Subject-driven Video Generation via Disentangled Identity and Motion
Daneul Kim, Jingxu Zhang, Wonjoon Jin, Sunghyun Cho, Qi Dai, Jaesik Park, Chong Luo
TL;DR
This work tackles efficient zero-shot subject-driven video generation by disentangling identity learning from temporal dynamics. It introduces a dual-task training regime that injects subject identity from paired subject-images while preserving motion priors from a small set of unpaired videos, using stochastic task-switching with $p=0.2$. The approach relies on a CogVideoX-5B backbone with LoRA adapters and a simple $2$-task objective, avoiding large-scale paired subject-video data and achieving strong subject fidelity and temporal coherence within about $288$ A100-hours. Gradient-analysis shows the identity and motion objectives converge to near-orthogonal update directions, explaining stability without gradient-surgery and enabling competitive zero-shot performance against heavily tuned baselines. Practically, the method reduces data and compute requirements for SDV-Gen while maintaining high-quality, identity-consistent video generation across unseen subjects.
Abstract
We propose to train a subject-driven customized video generation model through decoupling the subject-specific learning from temporal dynamics in zero-shot without additional tuning.

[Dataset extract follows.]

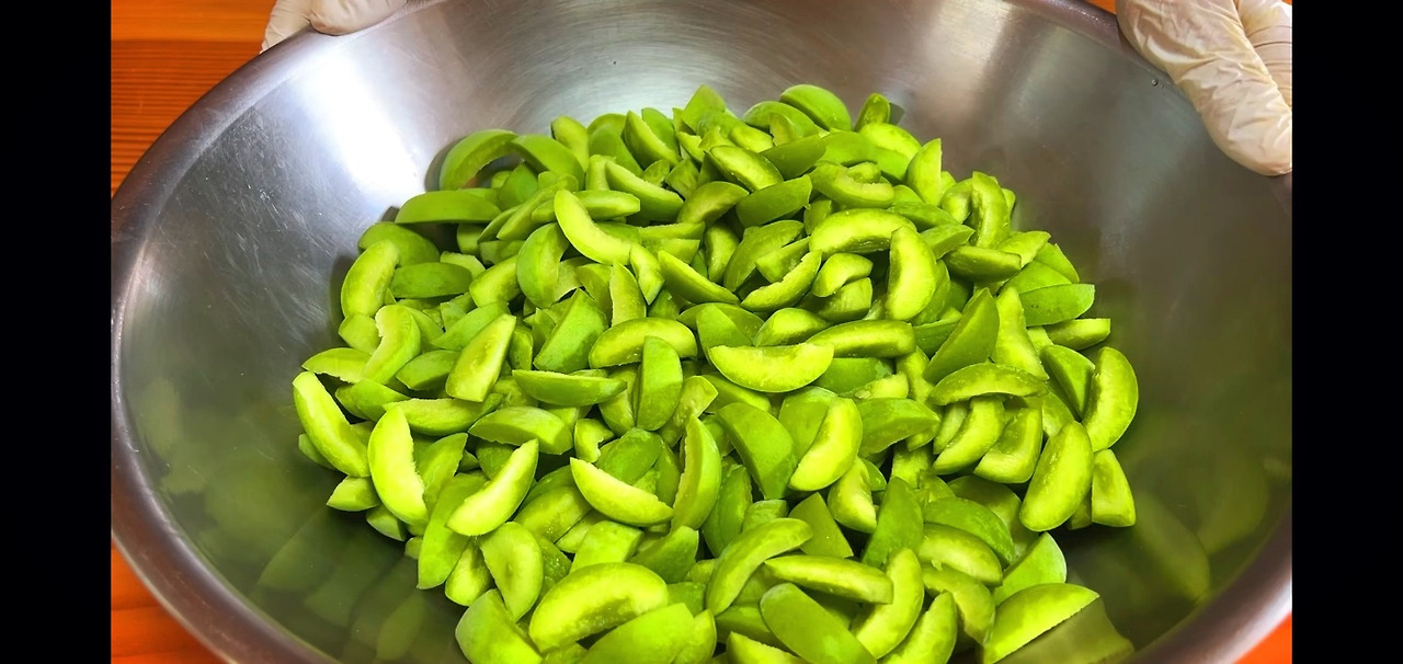 이렇게 깨끗하게 손질된 매실을 먹기 좋은 크기로 작게 썰어주세요. 일정한 크기로 자르면 더 보기 좋고, 먹기 편한 매실장아찌를 만들 수 있어요.
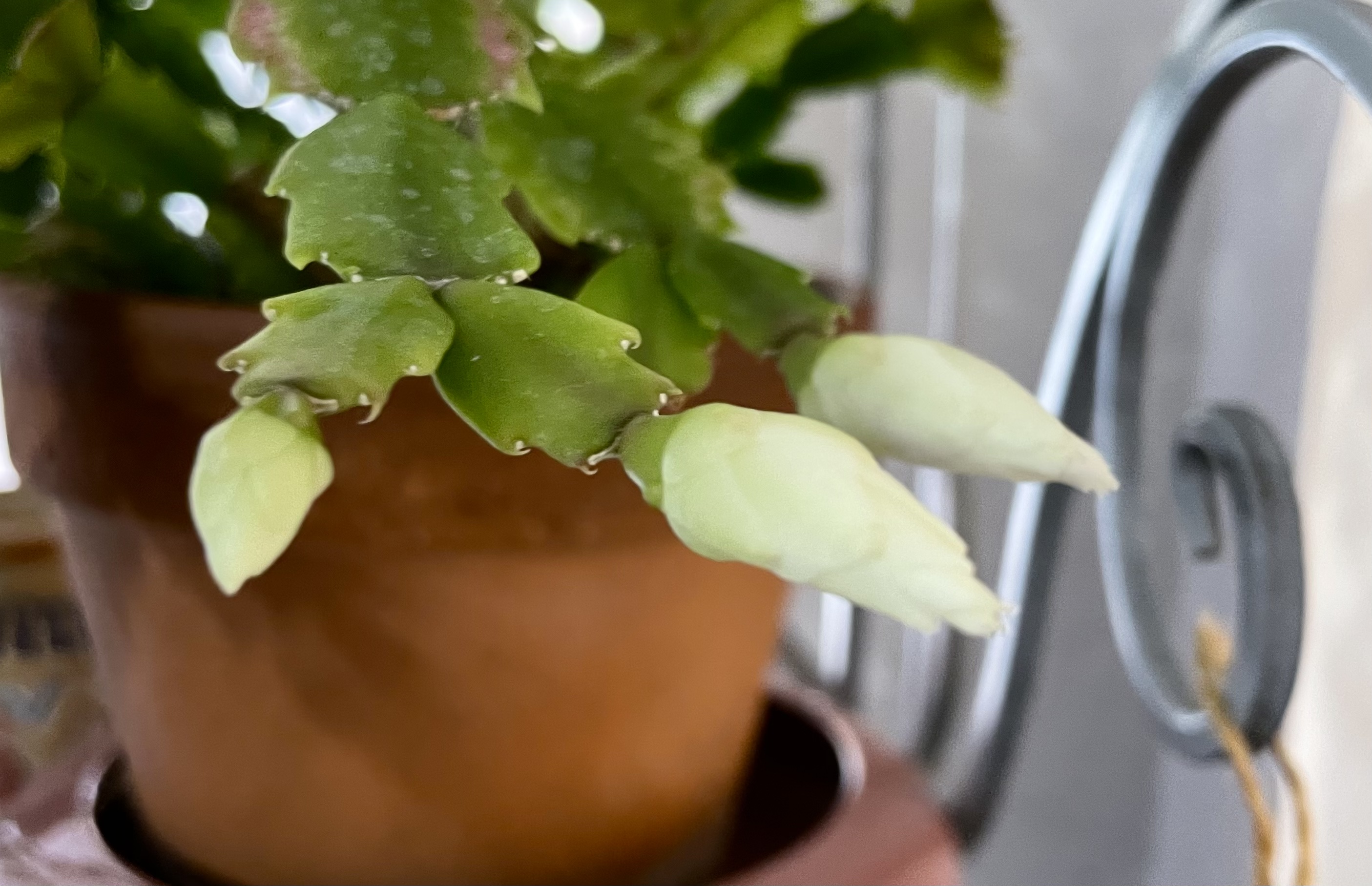 у меня дикая растет с другой стороны дома. Ну тоись не так чтоб прям далеко, но надо через крышу перепрыгнуть. Странно, что в этом году не было плодов на ней вообще. Может и не цвела? я чет не помню. Прослежу на следующий год, насколько одновременно они цветут. Но в целом мне ж не надо мешки ее - прет с нее знатно, а я могу хурму как не в себя закидывать...так тчо пусть будут умеренные урожаи  Ну и деревце еще небольшое совсем. В прошлом году отрастало полностью - после жука, который спилил ее чуть не у земли. Декабристы. Я домой два занесла, у которых были самые крупные бутоны. Уже вроде как ясно, какой цвет будет, со дня на день должны начать распускаться. Один-то прошлогодний прикуп - желтый, а вот второй - белый. Сроду у меня белого не было  А этот приличный куст, не первогодок какой. Может, не цвел никогда раньше? да вроде все цвели, больше-меньше, но все...Ну дождусь распускания, убедЮсь  Самый белый у меня был такой розовато-жемчужный, а этот пока - как снег.

A traditional method for video customization that is tuning-free often relies on large, annotated video datasets, which are computationally expensive and require extensive annotation. In contrast to the previous approach, we introduce the use of an image customization dataset directly on training video customization models, factorizing the video customization into two folds: (1) identity injection through image customization dataset and (2) temporal modeling preservation with a small set of unannotated videos through the image-to-video training method. Additionally, we employ random image token dropping with randomized image initialization during image-to-video fine-tuning to mitigate the copy-and-paste issue. To further enhance learning, we introduce stochastic switching during joint optimization of subject-specific and temporal features, mitigating catastrophic forgetting. Our method achieves strong subject consistency and scalability, outperforming existing video customization models in zero-shot settings, demonstrating the effectiveness of our framework.